Voilà, ça s'est dit... Maintenant, je passe le bébé avec l'eau du bain à qui veut le prendre. Parce que les personnes que j'aurai tagué l'ont sûrement déjà été !
lundi 4 février 2008
La fin et le début
Mon grand-père est mort.
Un peu brut de décoffrage comme annonce.
J'aurai pu dire "papi est parti". Non. Mon grand-père est mort.
Il est mort. Froid. Inerte. Il n'est plus.
Le père de ma mère. Pas mon papi. Mon grand-père.
Un homme pour qui je n'éprouve pas de chagrin.
Un homme qui, à mes yeux, n'a jamais rien fait d'autre que semer la zizanie, créer des conflits, imposer sa vision des choses au monde entier.
Mon grand-père est mort. Demain soir, il reposera dans sa dernière demeure, comme on dit quand on est aimable. Moi, je dirai que demain soir, il sera au cimetière. Enterré. Dans une boîte en bois.
Mais avant. Avant, il y aura l'enterrement, les obsèques. Cette cérémonie pleine d'hypocrisie où sa générosité, son ordre, sa déontologie, son humour vont être célébrés. Une cérémonie où l'on encensera un homme dont la mort me touche moins que celle de certains patients. Une cérémonie où les pleurs des autres risquent malgré moi de faire monter des larmes à mes yeux qui espèrent rester secs.
Témoigner ne serait-ce qu'une once de chagrin pour lui m'angoisse. Je ne veux pas pleurer. Je ne veux pas que l'on s'imagine que je l'aimais.
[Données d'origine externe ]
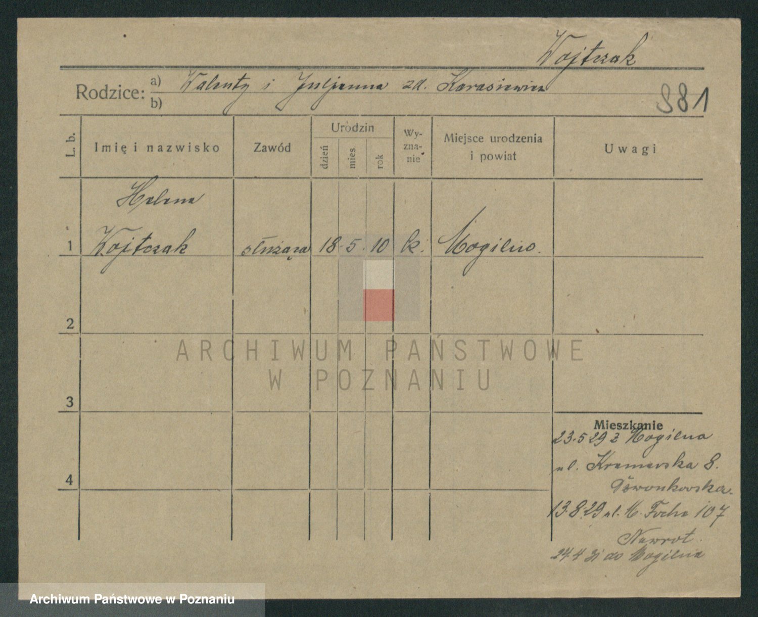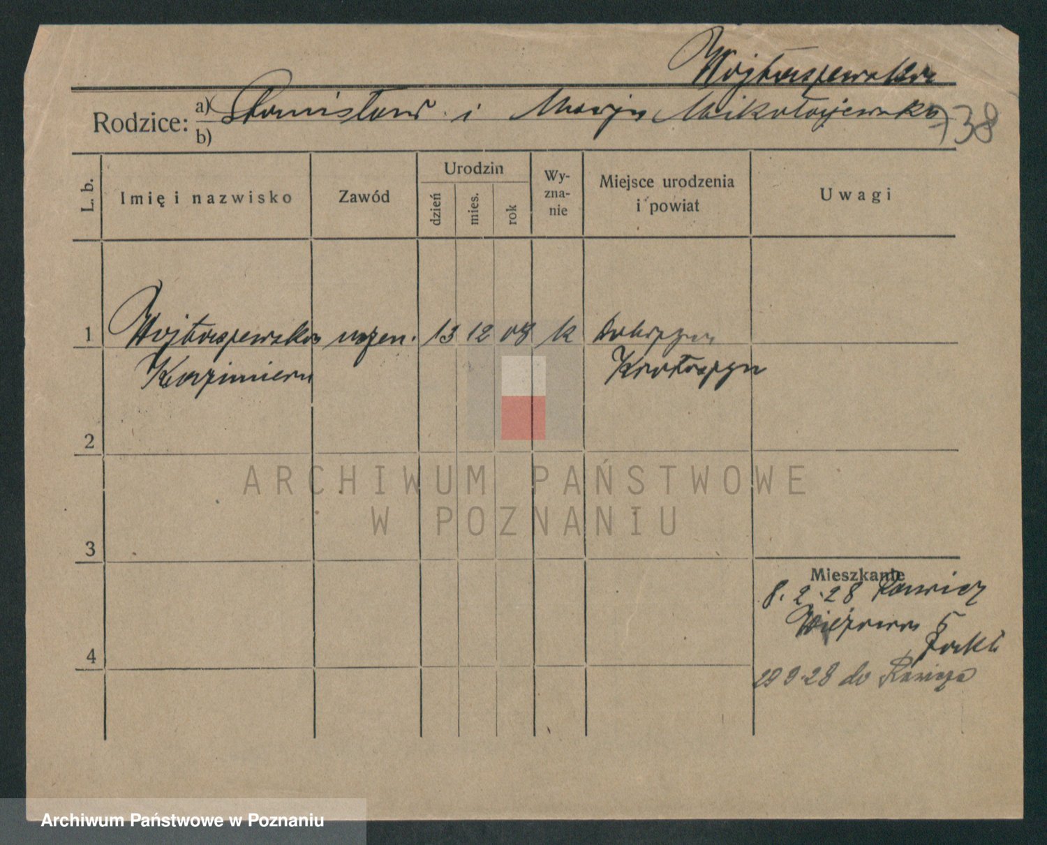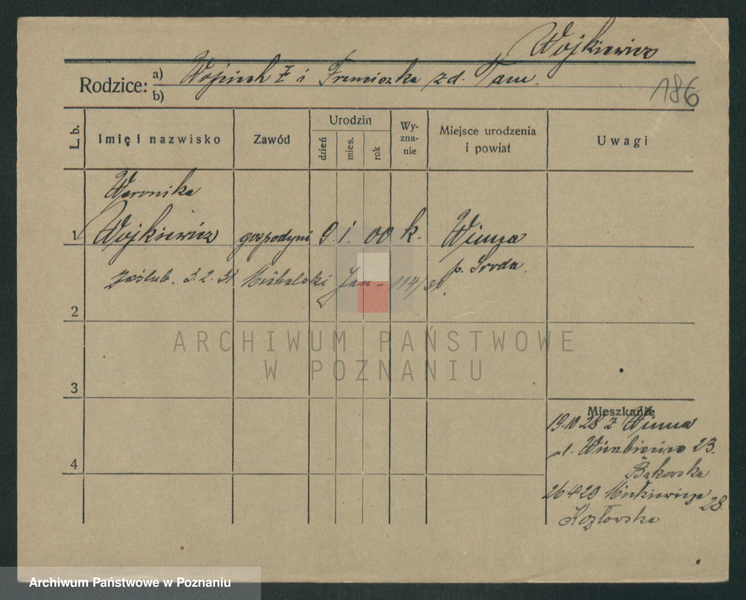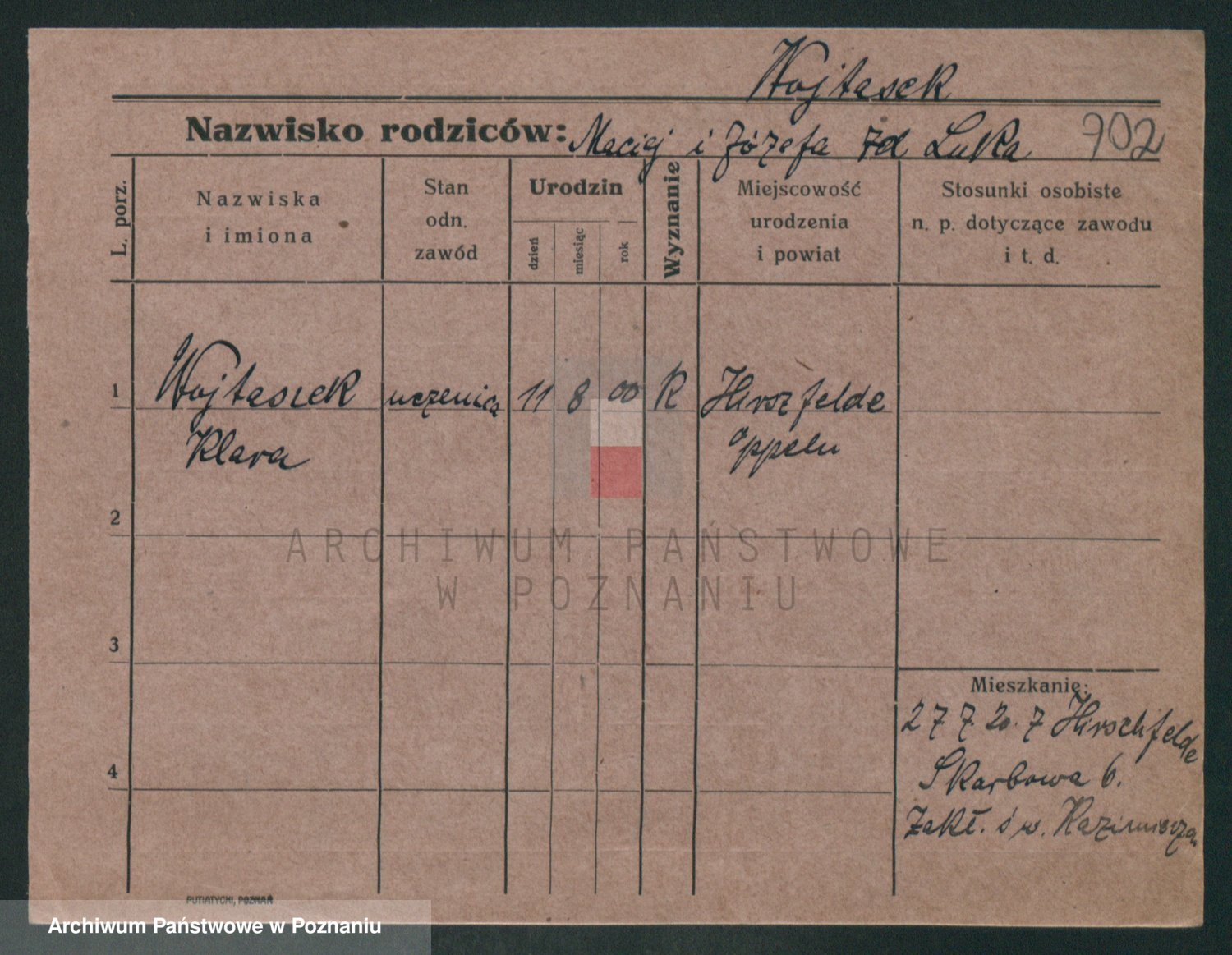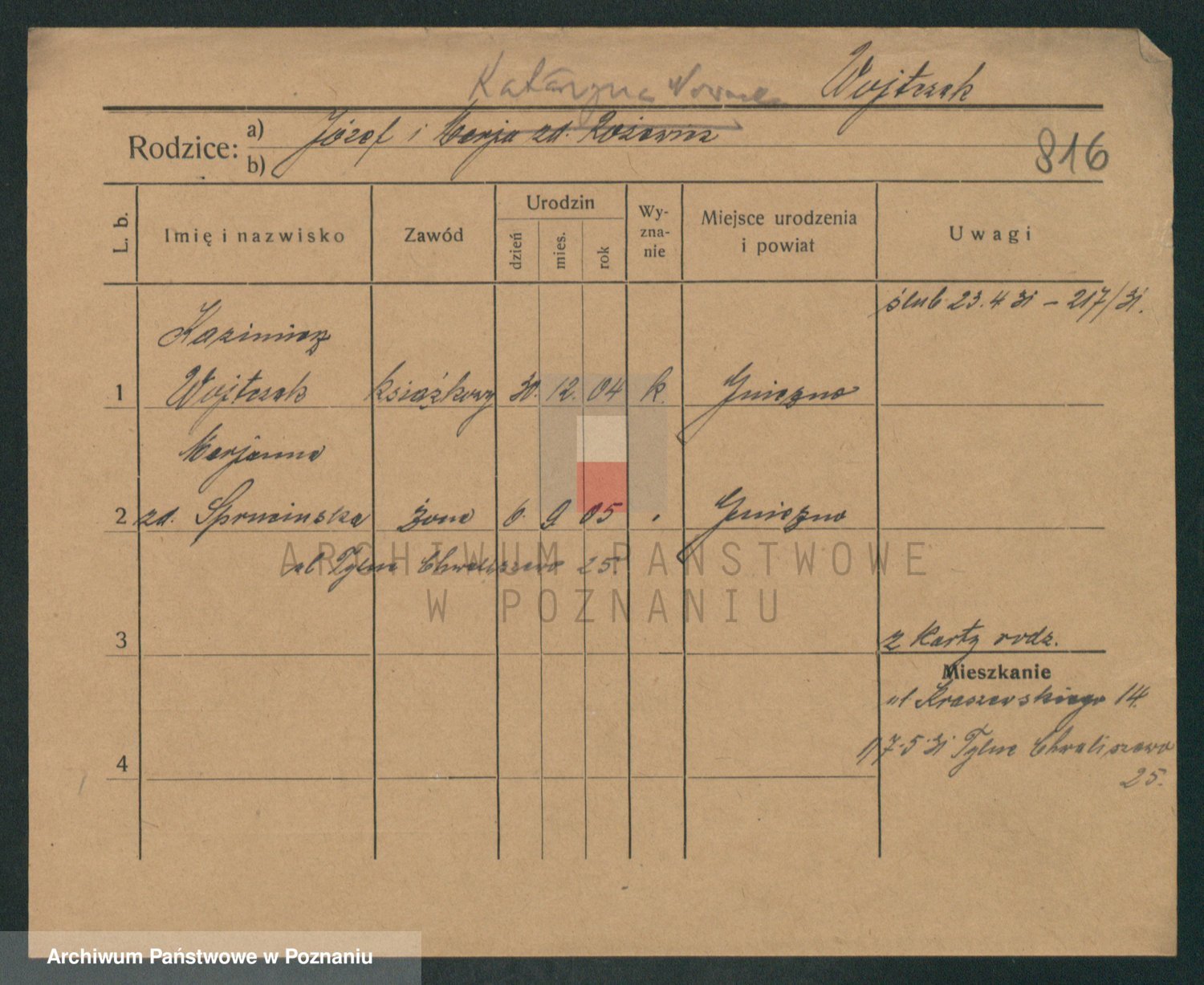 Podgląd karty osobowej dostępny jest po kliknięciu na nazwisko lub ikonkę karty. Można dokonywać powiększenia (ikony na górze) lub przechodzić między kolejnymi skanami (strzałki po bokach).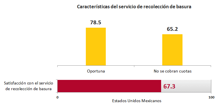En Recolección de Basura, a partir de la ENCIG se estima que el 78.5% de la población de 18 años y más considera que el servicio de recolección de basura en su ciudad es oportuno, mientras que el 65.2% considera que el servicio se realiza sin necesidad de dar cuotas o propinas a los empleados de limpia.
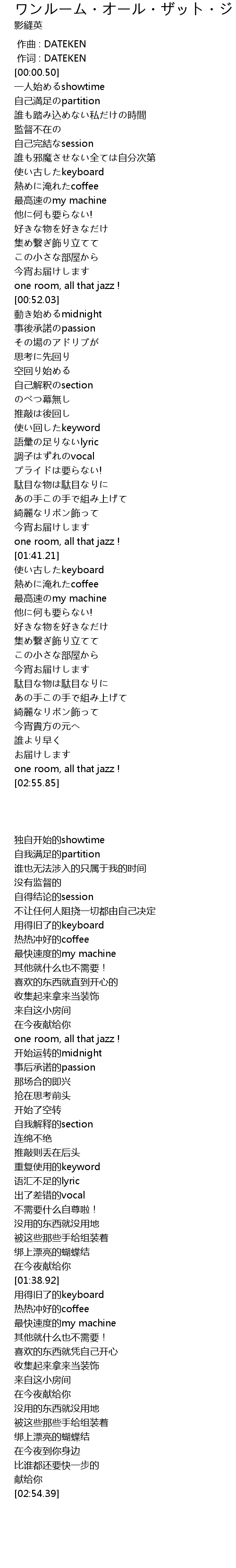 | Song | ワンルーム・オール・ザット・ジャズ |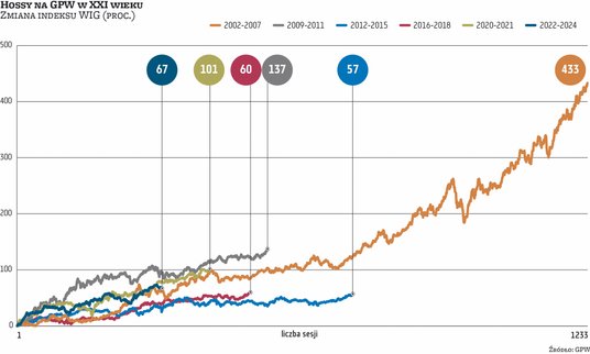 Obecna fala zwyżek na warszawskiej giełdzie rozpoczęła się 14 października 2022 r. Od tego czasu mija właśnie 15 miesięcy, w trakcie których WIG przeszedł od mocnego wyprzedania do nowych rekordów, które ustanawiał w ostatnich tygodniach. Pytanie, co dalej. Ile przed nami może być jeszcze wzrostowych miesięcy, nim hossa wyczerpie swój potencjał?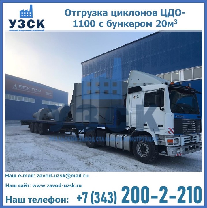 Циклоны ЦДО-1100 с бункером на 20 кубов были отгружены в декабре 2018 года в г. Новосибирск Ессентуки.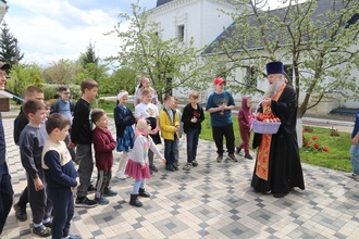 Настоятель храма протоиерей Александр Трушин поздравил всех со Светлым Христовым Воскресением и пожелал нести пасхальную радость своим ближним. В рамках праздника ребята вместе с родителями отгадывали загадки, водили хороводы и приняли самое активное участие в играх и эстафетах.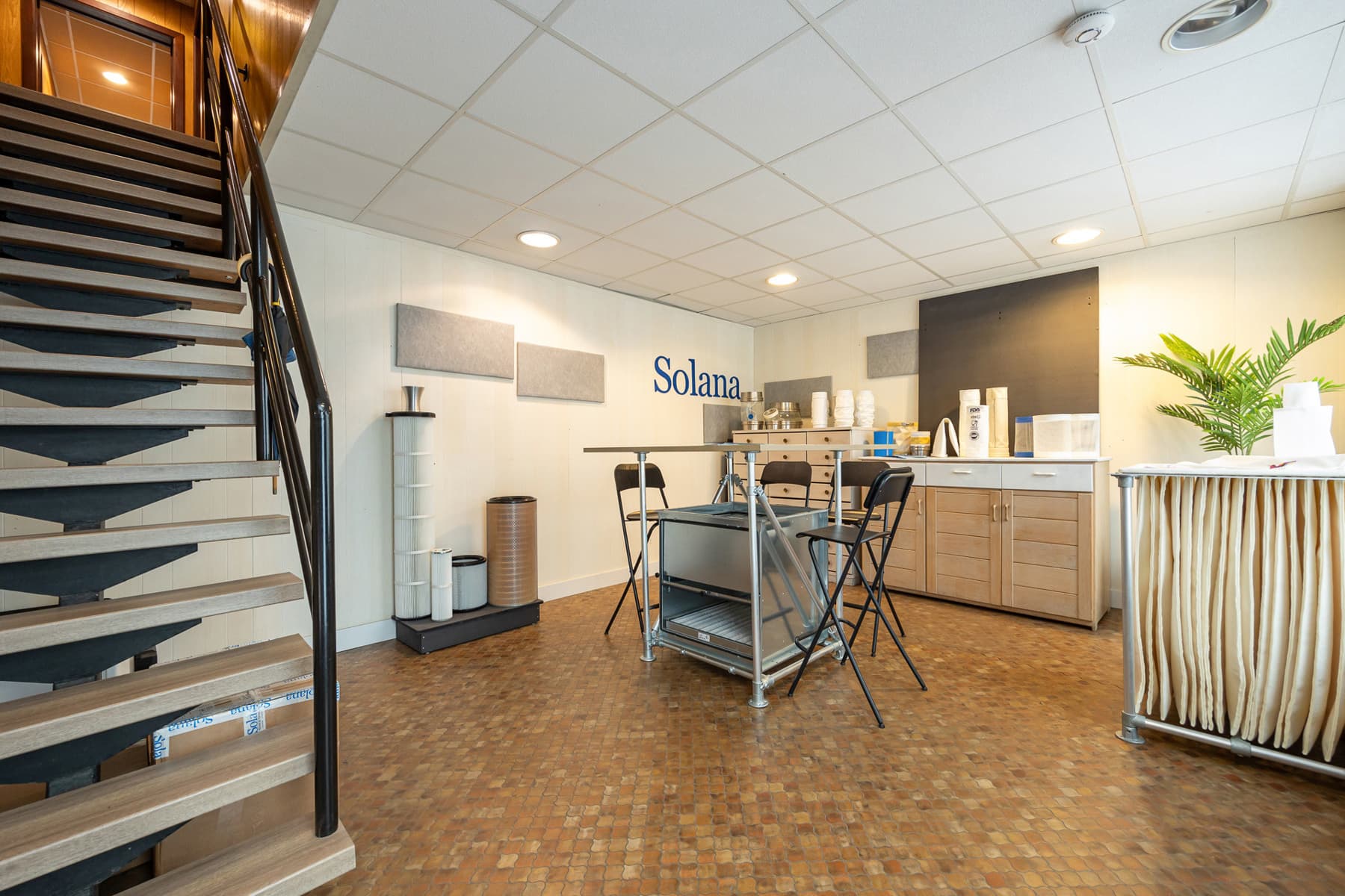 Inkom / toonzaal 23m² met toegang tot de werkplaats en trap naar de verdieping met de kantoren..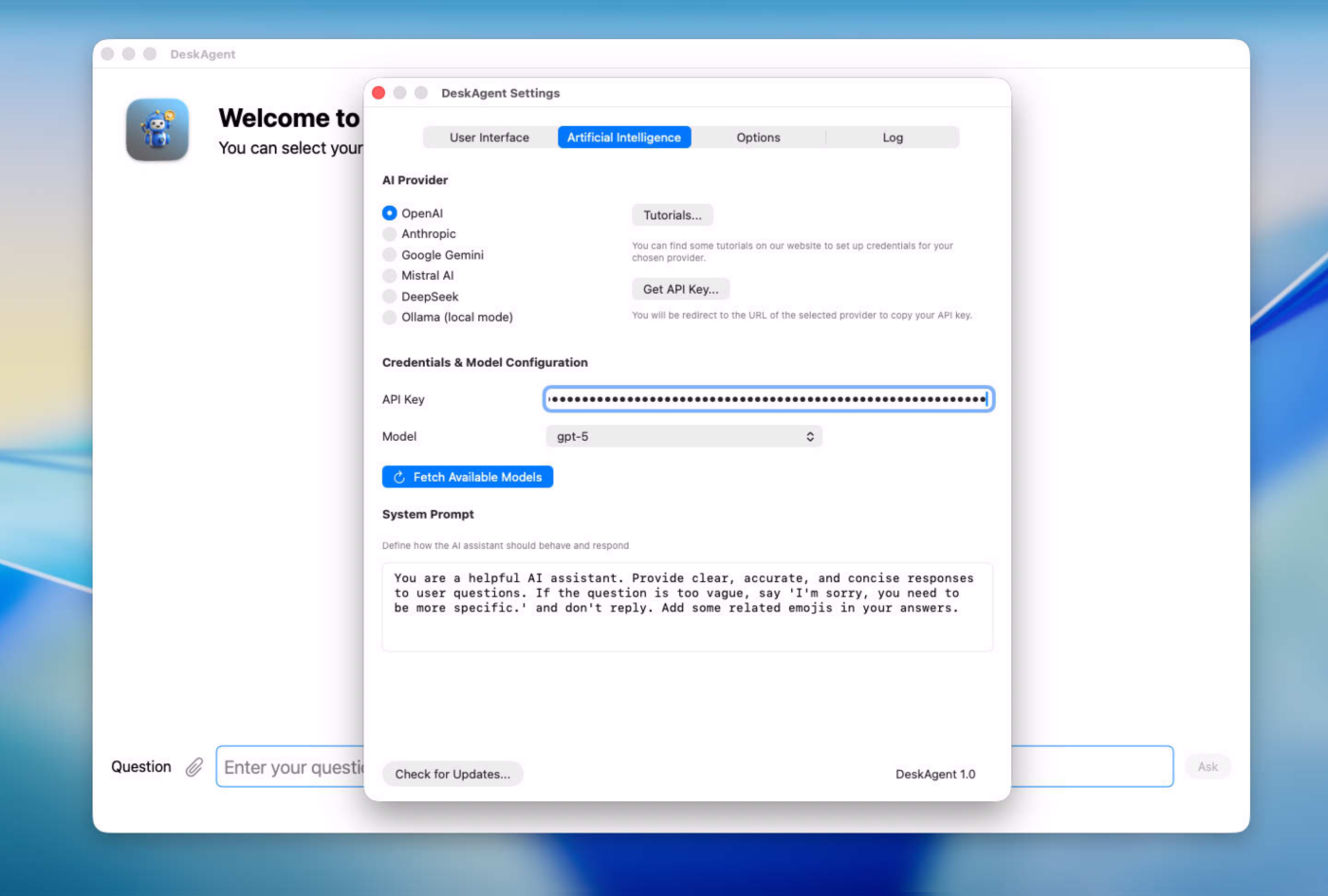 DeskAgent is a sophisticated multi-modal AI assistant designed specifically for the macOS ecosystem, offering a seamless and deeply integrated experience for users who demand both power and privacy. At its core, the application serves as a versatile bridge to the world's most advanced artificial intelligence models, allowing you to switch effortlessly between providers like OpenAI, Anthropic, Gemini, and even local instances via Ollama. This flexibility ensures that you always have access to the right intelligence for the task at hand, whether you are generating complex code, analyzing multi-page documents, or engaging in natural voice conversations.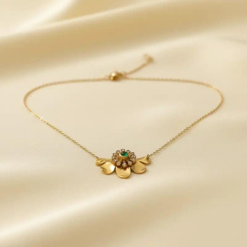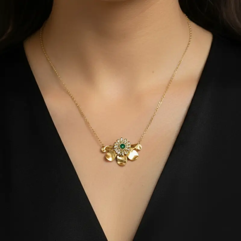 Add a touch of luxury and symbolism to your jewelry collection with the Gold Plated Stainless Steel Anti-Tarnish Gardenia Emerald Clover Pendant Necklace. Crafted from premium stainless steel with a rich gold-plated finish, this necklace features a beautifully designed clover pendant inspired by gardenia elegance, accented with a vibrant emerald-toned stone. Representing luck, elegance, and timeless beauty, the pendant is protected with an anti-tarnish coating to ensure lasting shine. Lightweight and skin-friendly, it is perfect for daily wear, special occasions, or thoughtful gifting.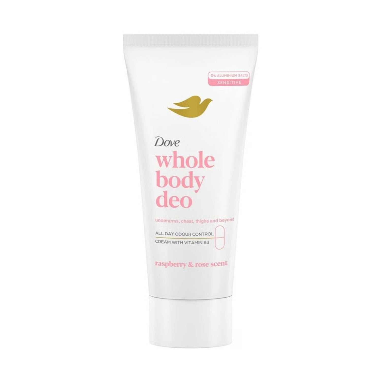 Our bodies sweat and smell from anywhere, so Dove created a whole-body deodorant that delivers long-lasting odor control with a gentle, sensitive-skin formula. This invisible cream goes on clear, balances skin pH, and helps stop odor before it starts—perfect for underarms, underboobs, thighs, feet, and intimate areas. Powered by 1.25% lactic acid and finished with a bright raspberry and soft rose scent, it keeps you feeling fresh and confident all day.

Demain, il faudra affronter des cousins larmoyants car proches de lui. Il faudra rester en place dans une église froide, vêtue de vêtements sombres quand je voudrai mettre du rouge. Un rouge feu, pour évoquer ma révolte contre cet homme qui a menti. Longtemps. Trop longtemps. Des mensonges que je n'oublierai pas. Des mensonges qui ont fait du mal à sa propre fille, à la chair de sa chair, à ma propre mère.
Demain, il faudra ne pas revivre en songes l'enterrement de mes autres grands-parents, de mes vrais papis et mamies. De ceux que j'aimais comme une petite fille, qui me donnaient des sucreries et me prenaient sur leurs genoux. Il faudra y aller comme on va à un rendez-vous quelconque. Ne pas angoisser. Essayer de détendre les muscles du dos qui manifestent ma colère interne.
Mon grand-père est mort. Et sa mort sonne la fin d'une époque. Et sa mort sonne le début d'une époque.